■ **Task to complete**: Without including pictures, set down every record exactly as it stands.

■ **Stored items**:
◇ ◇ ◇

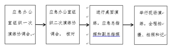 确定演练日期,成立一个临时演练策划组。策划者编制演练方案,确定演练的目标、原则、范围、参演部门,确定演练的性质和方法,选定演练时间与地点,规定演练的时间尺度和公众参与程度;确定实施计划、设计事故情景与处置方案。其中特别要注意的是,演练情景尽可能真实,并考虑应急设备故障问题,以检测备用系统。同时,策划组应确定评价人员数量和应急管理局办公室组织一次演练协调会,讨论演练方案,明确演练分工。应急管理办公室组织二次演练协调会,核对准备进度,反馈问题,筹备桌面演练进行桌面演练,应急总指挥和副总指挥点评桌面演练效果,提出重点注意的问题举行现场演练,全程摄像、拍照和记录整个演习过程。总结演练应具备的专业技能,指定评价人员,分配各自所负责评价的应急组织和演练目标。
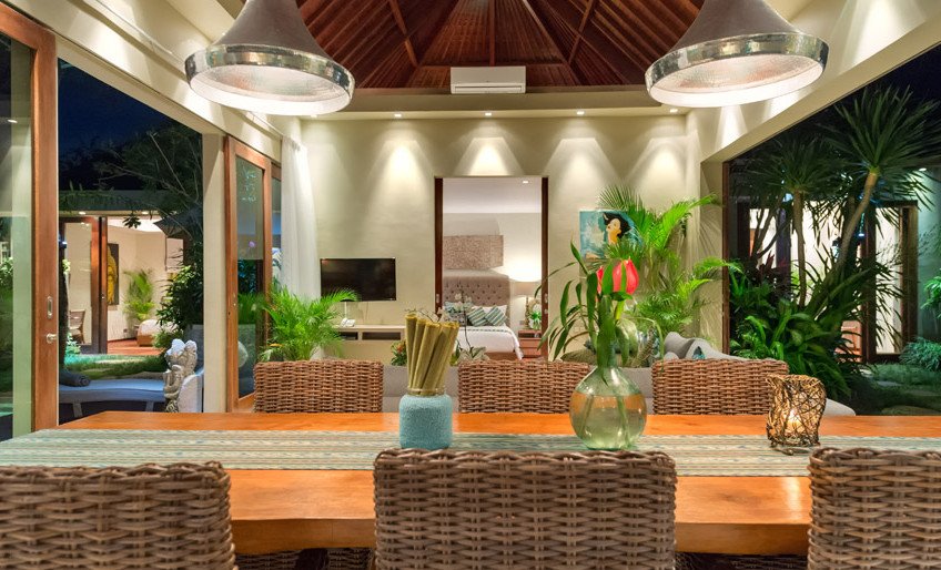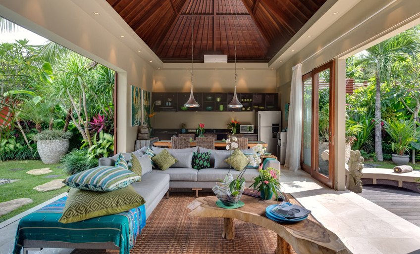 The high-pitched roof of Villa’s living area and the vast glass doors on both sides only add to the volume of an already spacious room that boasts a large sofa, elegant marble floors and a dining table for eight. At one end is an open-plan kitchen equipped for guest use.
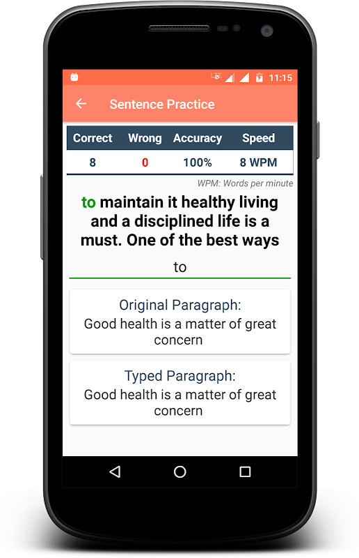 Aplikasi Uji Kelajuan Menaip berguna untuk menguji / mengukur kelajuan menaip pengguna. Belajar menaip dan cari seberapa pantas anda boleh menaip. Aplikasi ini mempunyai banyak pelajaran menaip percuma dengan pilihan seperti menaip keras / sederhana / mudah untuk melakukan latihan menaip dalam talian dan belajar menaip. Huruf diserlahkan untuk menolong anda fokus menaip. Anda boleh menjadi master menaip dengan bantuan aplikasi ini atau boleh bermain permainan menaip untuk bersenang-senang. Anda perlu menambahkan papan kekunci khusus bahasa untuk menaip bahasa tersebut.
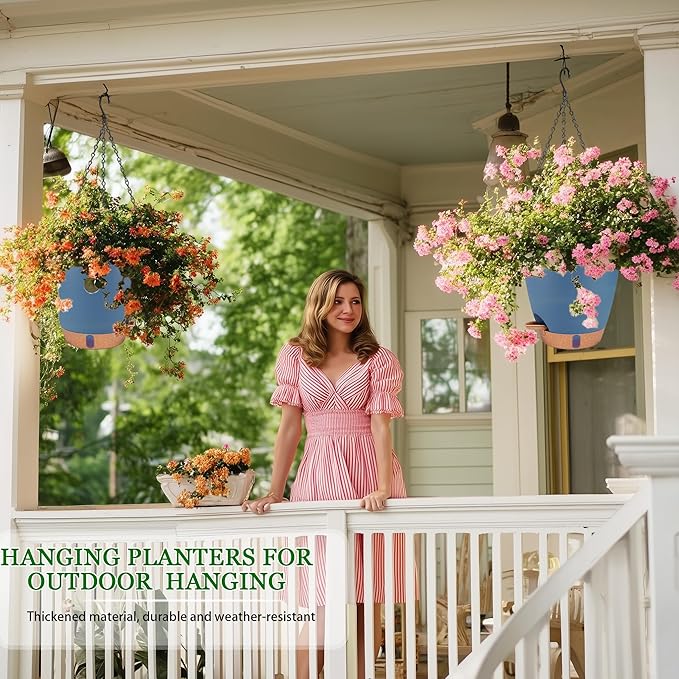 • 【Healthy Roots, Happy Plants】Our hanging planters feature GRID DRAINAGE HOLES at the bottom to quickly drain excess water and prevent standing water, while side ventilation ports maintain airflow around roots. The patented NO-SPILL WATERING LIP allows precise watering even in hard-to-reach hanging positions. No more messy water stains - just healthier plants that thrive!"
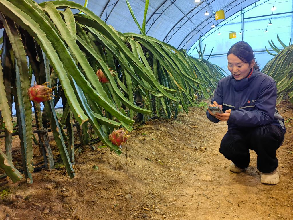 郭娟茹在火龙果大棚内通过物联网技术装备调整室温。 新华社记者孙正好 摄
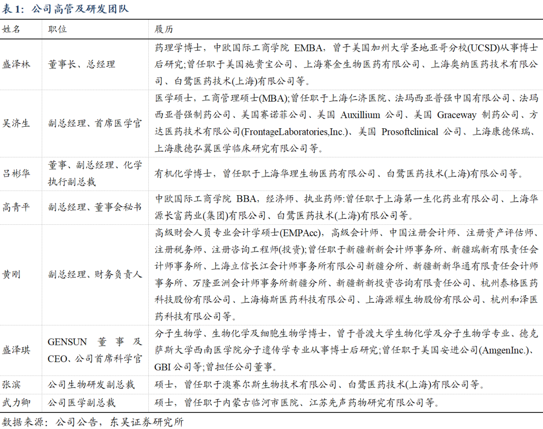 高管及研发团队专业背景深厚,在新药研发领域经验丰富。公司创始人、董事长兼总经理盛泽林于美国迈阿密大学取得药理学博士学位,曾任职于美国施贵宝公司、上海赛金生物、上海奥纳医药、白鹭医药等多家药企。此外公司多名核心技术人员均具有海内外知名药企的新药研发经验,专业背景深厚。

◇ ◇ ◇

■ **Answer to the problem**:
 确定演练日期,成立一个临时演练策划组。策划者编制演练方案,确定演练的目标、原则、范围、参演部门,确定演练的性质和方法,选定演练时间与地点,规定演练的时间尺度和公众参与程度;确定实施计划、设计事故情景与处置方案。其中特别要注意的是,演练情景尽可能真实,并考虑应急设备故障问题,以检测备用系统。同时,策划组应确定评价人员数量和应急管理局办公室组织一次演练协调会,讨论演练方案,明确演练分工。应急管理办公室组织二次演练协调会,核对准备进度,反馈问题,筹备桌面演练进行桌面演练,应急总指挥和副总指挥点评桌面演练效果,提出重点注意的问题举行现场演练,全程摄像、拍照和记录整个演习过程。总结演练应具备的专业技能,指定评价人员,分配各自所负责评价的应急组织和演练目标。
 The high-pitched roof of Villa’s living area and the vast glass doors on both sides only add to the volume of an already spacious room that boasts a large sofa, elegant marble floors and a dining table for eight. At one end is an open-plan kitchen equipped for guest use.
 Aplikasi Uji Kelajuan Menaip berguna untuk menguji / mengukur kelajuan menaip pengguna. Belajar menaip dan cari seberapa pantas anda boleh menaip. Aplikasi ini mempunyai banyak pelajaran menaip percuma dengan pilihan seperti menaip keras / sederhana / mudah untuk melakukan latihan menaip dalam talian dan belajar menaip. Huruf diserlahkan untuk menolong anda fokus menaip. Anda boleh menjadi master menaip dengan bantuan aplikasi ini atau boleh bermain permainan menaip untuk bersenang-senang. Anda perlu menambahkan papan kekunci khusus bahasa untuk menaip bahasa tersebut.
 • 【Healthy Roots, Happy Plants】Our hanging planters feature GRID DRAINAGE HOLES at the bottom to quickly drain excess water and prevent standing water, while side ventilation ports maintain airflow around roots. The patented NO-SPILL WATERING LIP allows precise watering even in hard-to-reach hanging positions. No more messy water stains - just healthier plants that thrive!"
 郭娟茹在火龙果大棚内通过物联网技术装备调整室温。 新华社记者孙正好 摄
 高管及研发团队专业背景深厚,在新药研发领域经验丰富。公司创始人、董事长兼总经理盛泽林于美国迈阿密大学取得药理学博士学位,曾任职于美国施贵宝公司、上海赛金生物、上海奥纳医药、白鹭医药等多家药企。此外公司多名核心技术人员均具有海内外知名药企的新药研发经验,专业背景深厚。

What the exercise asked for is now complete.